MATERIALS AND METHODS: Multiple 15-minute ablations were performed in ex vivo bovine liver (n = 167) with a hybrid applicator system with RF ablation alone (0.3-0.7 A), cryoablation alone (3,500 psi, two freeze/thaw cycles), and combined RF/cryoablation (0.4-0.7 A, 1,000-3,500 psi) with use of a novel applicator consisting of two 2.5-cm active bipolar RF poles located on the same 18-gauge needle separated by two embedded cryoablation nozzles. Resultant coagulation diameters were compared with use of analysis of variance for more than three groups or Student t tests for two groups. Confirmation of the optimal parameters of combination RF/cryoablation was performed by reassessing a range of argon pressure (1,000-3,500 psi) and RF current (0.4-0.7 A) in in vivo porcine liver (n = 36). Arrays of two to four RF/cryoablation applicators were also assessed in ex vivo (n = 54) and in vivo (n = 12) liver.
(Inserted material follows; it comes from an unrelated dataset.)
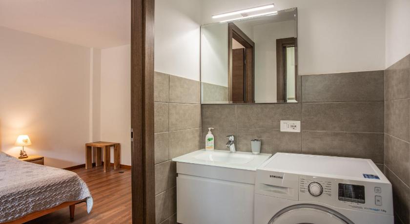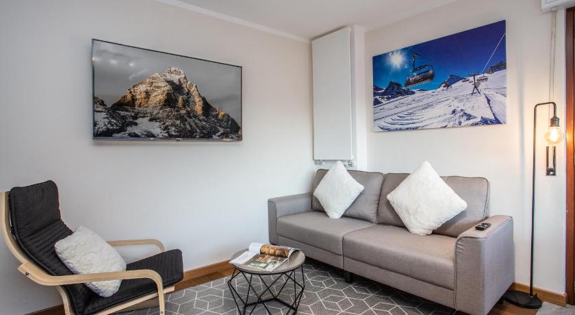 Ideal location right next to a ski hire shop and a small grocery shop. The bus stop for the bus (very frequent) that takes you to and from the nearest ski resort is a 4 minute walk and there is a huge swimming pool with jacuzzi and sauna a 6 minute walk away (also a gym). The flat is very quiet and warm and very clean. Our host Cristina was lovely and responded right away whenever I texted her. There is a locker just outside the flat to keep your skis and boots in.

RESULTS: In ex vivo liver, simultaneous RF/cryoablation (0.6 A, 3,000 psi) produced 3.6 cm +/- 0.4 of short-axis coagulation. This was significantly larger than that achieved with optimal RF alone or cryoablation alone (1.5 cm +/- 0.3 and 1.6 cm +/- 0.3, respectively; F = 95; P < .01). The coagulation diameter with simultaneous combination RF/cryoablation was related in parabolic fashion to argon pressure and current with a multivariate r(2) of 0.68. For in vivo liver, optimal combination RF/cryoablation achieved 3.3 cm +/- 0.2 of coagulation, which was significantly larger than that achieved with RF alone (1.1 cm +/- 0.1; P < .01) or cryoablation alone (1.1 cm +/- 0.1 and 1.3 cm +/- 0.1; F = 203; P < .01). The greatest contiguous coagulation was achieved with multiple-applicator arrays. For ex vivo liver, short-axis coagulation measured 5.3 cm +/- 0.1, 6.4 cm +/- 0.1, and 7.6 cm +/- 0.1 for two-, three-, and four-applicator arrays, respectively. For in vivo liver, two-, three-, and four-applicator arrays produced 5.1 cm +/- 0.2, 5.8 cm +/- 0.5, and 7.0 cm +/- 0.5 of confluent coagulation, respectively.
CONCLUSION: Simultaneous combination RF and cryoablation with use of a novel applicator design yielded significantly larger zones of coagulation than either modality alone. The large ablation diameters achieved warrant further investigation of the device.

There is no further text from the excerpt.